O blog está então sendo forçado a assumir o posto de substituto de saco de areia, mas com o bem-vindo adicional de me ajudar a pôr a cabeça em ordem, sem falar na ilusão do público - como visto, tenho achado o público bom, o que muito me assusta. Então, senão vejamos porque ambos exemplares de homo sapiens são ou, ao menos, sabem com tremenda eficácia passarem-se por, completos idiotas.

Primeiro, o rapazinho já ganha o prêmio de imbecil presunçoso do ano pela tentativa de creditar-se com a invenção da roda. "Uma coisa que a vida me ensinou"? Especificamente a parte da vida em que ele assistia as aulas no primário, imagino. Ou mesmo um sermão do pai, mãe, tia, avó, carteiro, leiteiro, atendente da loja de conveniência do posto, vai ver até do irmãozinho mais novo: essa é mais velha que cagar sentado, espertinho, parte integrante da milenar herança cultural ocidental - aliás, acho q foi o João Ubaldo que já disse isso uma vez, mas não é incrível como se esquece que a cultura ocidental também é milenar?

O que nos leva ao ponto aonde eu queria propriamente chegar, esta maldita fascinação com os números, com a quantificação, o progresso, a comparação criteriosa absolutizada e, talvez o pior de tudo, a aculturação que faz com que a população em geral nem desconfie de que esse tipo de coisa foi desenvolvido num certo período e local da história do mundo e não nasceu do ovo.

"O ser humano é imperfeito" pode parecer uma afirmação muito simples, incontestável e evidente, se não for seguida da reflexão que lhe é obviamente decorrente: o que, então, é perfeito? Falha minha, não posso afirmar com proficiência que a idéia de perfeição como entendemos hoje não tem precedente nenhum no oriente, ou em outras culturas que não a grega clássica (palavra que, por sinal, também implica a idéia de perfeição), onde nasceu em estreita ligação com os conceitos de bem, beleza, ideal divino e toda a parafernália pitagórico-platônica-aristotélica. Vamos lá, você já deve ter lido qualquer comentário de um dos milhares de novos pseudo-intelectuais que, como eu, leram um pouquinho de Nietzsche e julgaram ser sua missão na Terra destruir a noção de perfeição conforme construída ao longo de nossa história: significa que estou correndo o enorme risco de repetir uma ladainha que já lhe seja velha conhecida. Mas, que diabo, repetição nos ajuda a guardar as coisas, então digo mesmo.
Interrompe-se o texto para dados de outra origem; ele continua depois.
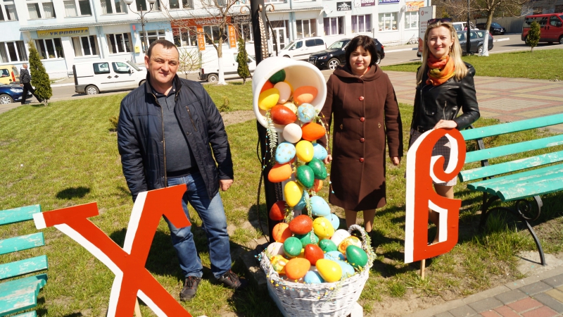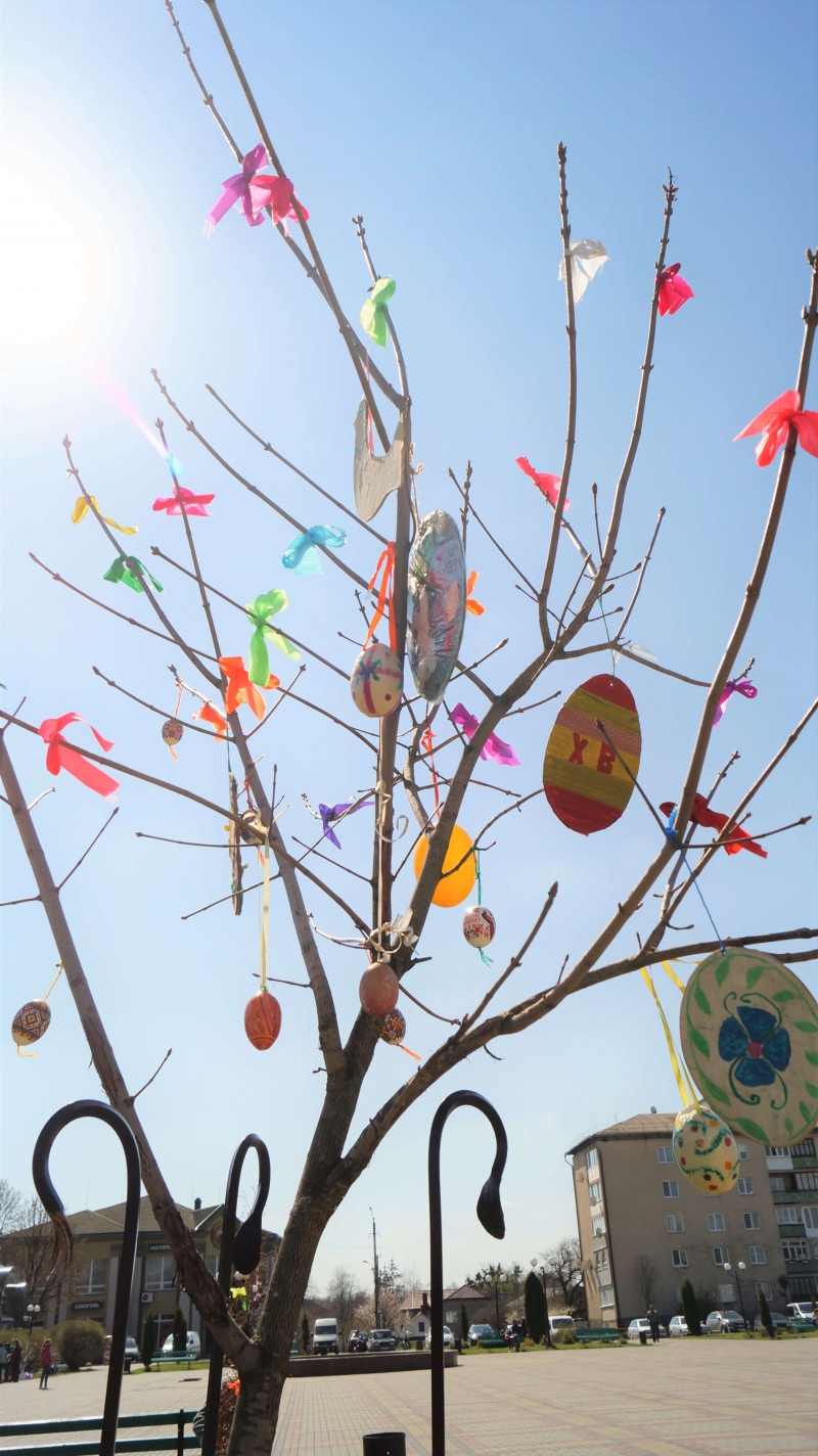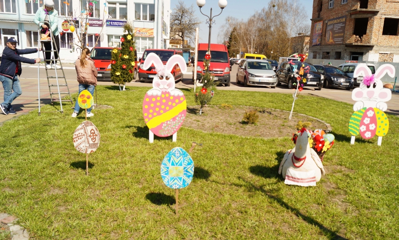 Виготовили прикраси педагогічні колективи міста і старостинських округів. В кожному освітньому закладі дуже творчо підійшли до ідеї прикрасити головну площу нашої громади, крім того, кожен учнівський колектив постарався, аби і під вікнами їхніх навчальних кабінетів на Великодні свята було ошатно та красиво.

Não existe esse negócio de perfeição absoluta. "Você quer dizer que não existe no mundo real?" Não, palerma, quero dizer que não existe mesmo. Perfeição requer critérios, critérios requerem metas, e metas requerem anseios. Você, ser humano de perspectiva parcial e limitada, a não ser que seja o novo Buda, não vai conseguir criar um critério de validade absoluta para toda e qualquer ação ou estado do ser, que responda a todos os anseios, até porque não preciso nem explicitar o quanto isso é paradoxal e, você adivinhou, uma visão particular do conceito de perfeição. Pra dizer a verdade, não vai conseguir criar nem para uma ação qualquer, excetuando-se situações de especificidade momentânea - pense em coisas que dizemos corriqueiramente, como "fulano é o mais rápido do mundo", quando na verdade o que dizemos é "fulano foi o mais rápido no dia tal, em tal lugar, tal hora, correndo em tal pista, tal distância, com tal roupa", frase na qual também levamos em conta o estado de espírito dos competidores, presença de coisas como torcida, vento, número de gotas de suor que desceram por sua pele, enfim: coisas do momento. Uma medição atemporal e acircunstancial? Que eu saiba, só na matemática que, você já deve ter percebido, é um tipo bem particular e parcial de ficção.